0:56:01 > 0:56:04Well, we've all got our problems, Anne. I mean, you're a vegan.
0:56:04 > 0:56:06'They're also lying to each other, going,'
0:56:06 > 0:56:09"I'm just going down for a walk. Are you going for a walk?"
0:56:09 > 0:56:11"Yes, I am."
0:56:11 > 0:56:12Where's Joe?
0:56:12 > 0:56:14'Very, very naughty,'
0:56:14 > 0:56:16but just the way it should be.
0:56:17 > 0:56:22I don't believe it! You can't be the same gypsy we saw here 30 years ago.
0:56:22 > 0:56:27Oh, yeah, still got no water, no electricity,
0:56:27 > 0:56:32still staring up at that old ruin, with its secrets and signs
0:56:32 > 0:56:36and gratuitous unexplained screams in the night.
0:56:36 > 0:56:38He moves from paper-thin characters
0:56:38 > 0:56:41that are very, very amusing caricatures
0:56:41 > 0:56:46right through into incredibly nuanced performances like Cracker,
0:56:46 > 0:56:48and he just doesn't seem to break a sweat.

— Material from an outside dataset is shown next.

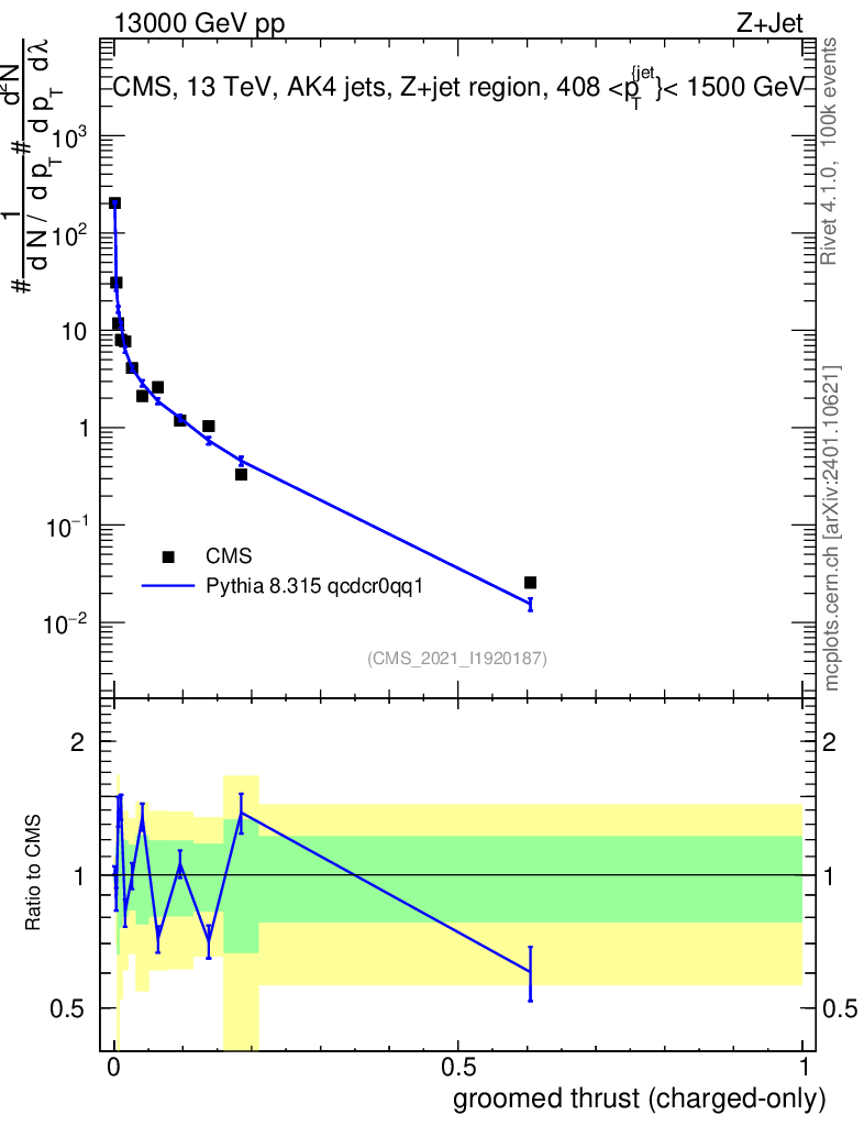 Lines: data, pythia8 8.315 qcdcr0qq1 |

0:56:48 > 0:56:50Look at me.
0:56:50 > 0:56:55There is a fire inside and that comes through in his work
0:56:55 > 0:56:56and he's electrifying.
0:56:58 > 0:57:02He is a comedy actor and an artist and larger than life character.
0:57:04 > 0:57:07I think he went into those things that he went into
0:57:07 > 0:57:09because he was good at it.
0:57:09 > 0:57:13I don't care what you say I just want to beat you to a pulp.
0:57:13 > 0:57:15A very talented man.
0:57:15 > 0:57:18And then he just went into Harry Potter and got lost really, bless him.
0:57:18 > 0:57:20Codswallop!
0:57:22 > 0:57:24He was one of us, really,
0:57:24 > 0:57:28always up for a practical joke or just to mess about.
0:57:28 > 0:57:29He was just great for that.
0:57:29 > 0:57:32Ruthless people, they got what they deserved.
0:57:32 > 0:57:35Actually, he's reached a position where he can do documentaries,
0:57:35 > 0:57:37where he can do travelogues.
0:57:37 > 0:57:39More of a threat than a promise, perhaps.
0:57:39 > 0:57:42He won't be presenting Gardeners' World or anything,
0:57:42 > 0:57:45although I'd pay good money to see Robbie present Gardeners' World.
0:57:45 > 0:57:48God, the embarrassment!
0:57:48 > 0:57:50He's not either square or around.
0:57:50 > 0:57:53So you're judge, the jury, the executioner too?
0:57:53 > 0:57:56If you find the right shape on the board, you can fit him in.
0:57:56 > 0:57:58He's got an infinite number of faces.
0:57:58 > 0:58:00Bye!
0:58:00 > 0:58:02People who've done well in our business always say
0:58:02 > 0:58:04they're incredibly talented
0:58:04 > 0:58:06and people who haven't done well always say
0:58:06 > 0:58:10they're incredibly unlucky, and I...
0:58:10 > 0:58:13I don't know what you say to that.
0:58:13 > 0:58:16Hey, Not The Nine O'clock News, ho-ho!
0:58:16 > 0:58:20I've been very lucky and I've been incredibly talented(!)
0:58:20 > 0:58:22No, I'm kidding, I'm kidding!
0:58:22 > 0:58:25Good night, and sock it to me.